The troubling concept of marketing effectiveness

The troubling concept of marketing effectiveness

A couple of weeks ago I went along to the launch of the Australian “Effies” – the premier local marketing effectiveness awards. In the interests of full disclosure, I should say that a company I manage sponsors the financial services category of these awards.

Effectiveness in marketing is tricky. In fact marketing as a business activity is almost defined by the difficulty involved in knowing how much difference one makes. As the father of advertising and marketing, John Wanamaker, observed more than 100 years ago: “Half the money I spend on advertising is wasted; the trouble is, I don’t know which half.” Plenty of businesspeople still feel the same, I bet, despite our world of “big data”.

In any case, knowing whether we’re really making a difference as marketers or their agencies is a perpetual challenge.

Having judged effectiveness awards myself – the Asian Marketing Effectiveness Awards in 2011 – I think proving effectiveness boils down to two main challenges:

Isolating the marketing effect – the majority of award entrants struggle to isolate the effect of the marketing activity from key external factors that may drive change. Market share and category growth matter, of course – but so does the wider context. And we should bear in mind that for business leaders, those who marketers and agencies often criticise for “not understanding” marketing, the broader considerations of the opportunities and threats of the market environment are precisely the focus – not marketing metrics.
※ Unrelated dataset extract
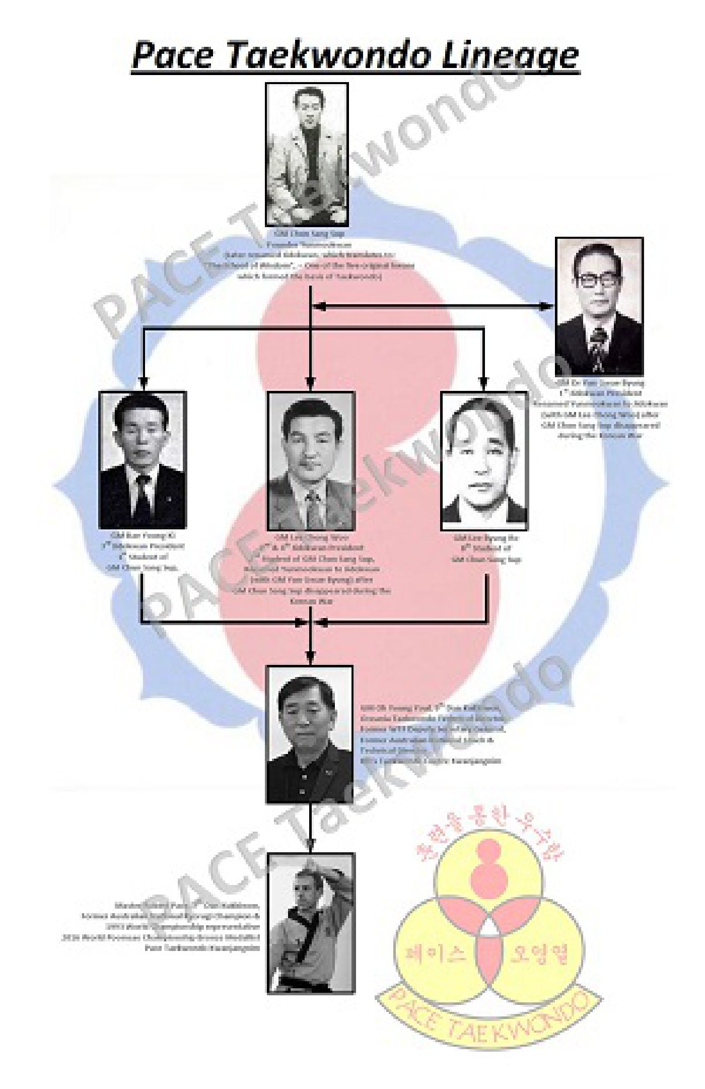 Pace Taekwondo can define its lineage directly to the foundation Kwans of Taekwondo. Master Robert Pace is one of the senior students of Grandmaster Young Youl Oh. GM Oh started his training in the 1950s at the Hanguk Cheyukkwan (Korea Gymnasium) in Seoul. This was the headquarters of the Jidokwan. His instructors were GMs Lee Chong Woo, Bae Young Ki and Lee Byung Ro. GM Bae Young Ki was the 1st student of the Jidokwan Founder GM Chun Sang Sup. GM Lee Chong Woo was the 2nd student of GM Chun. GM Chun was killed during the Korean War. The Jidokwan name was coined by GM Lee Chong Woo and GM Yun Kwei Byung and means "The School Of Wisdom".

Two examples from my own judging experience:

  • A defence force recruitment campaign, while impressive in its detail and very well argued, took little account of what is surely an important factor shaping perceptions of what serving in the armed forces might be like: the deployment of the armed force in Afghanistan – a conflict which appears in media as diverse as the headline news and Iron Man movies! Surely such factors impact how people feel about “signing up” one way or the other, relative to prior years.
  • A national tourism communications initiative claimed itself to be the primary driver of increased inbound arrivals from key regional markets, even though the period in question coincided with the launch of three major international tourism campaigns targeting exactly the same markets with their own substantial marketing efforts.

Regardless of the factual importance of these factors (although they surely are significant) they go right to the heart of the isolation challenge.

The “golden thread”

It’s clearly challenging in the world of marketing to be totally watertight on cause and effect. But this only places more emphasis on establishing the “golden thread” of a logical link connecting business objective, opportunity identification, defining the behavioural change needed, consumer insight, strategy, creativity, execution and results.

For marketers, the integrity of the entire chain is crucial as it’s the core of a marketing business case. For agencies, the close nexus between insight, strategy, creativity and execution is surely the focus.

It was this golden thread that I found notable by its absence. Effectiveness submissions typically included these elements, but often did not credibly connect them.

Conversations I have had with senior marketers confirm this problem. Between the “unbundling” of the traditional ad agency, media fragmentation and the emergence of more specialist agencies, there are many parties fighting for the steering wheel. It’s very hard to achieve synergy of effort which is well aligned to one’s marketing plan.

The language of effectiveness

Effectiveness is complicated in marketing, and the bigger the marketing challenge, the harder it is to show what you’re doing is making a real difference.

It’s conceptually simple. Most of the time, it’s about getting more people to buy more of your stuff, more often. The problem is that all these variables have a tendency to move around on their own, and often without an obvious relationship to one’s marketing spend and activity. That’s why effectiveness awards are so important – because they increase the sophistication of the debate around this challenging topic, to the benefit of marketers and their agencies.

Effectiveness has different languages too KPIs and ROI. It’s a significant difference: KPIs are typically based on internal and competitive benchmarks expressed as marketing measures. ROI is a business I spent $X to earn $Y. It’s a CEO perspective that some marketers and their agencies don’t always find it easy to engage with.

So as much as effectiveness awards move the game forward for marketers and agencies, the effectiveness agenda is actually a whole of business issue, and a crucial one for businesses that spend a lot on marketing. Fortunately, driving this conversation, and bringing the business together around measures that are consumer-centric and business-relevant, is likely to help marketers achieve the increase in respect and influence they desire.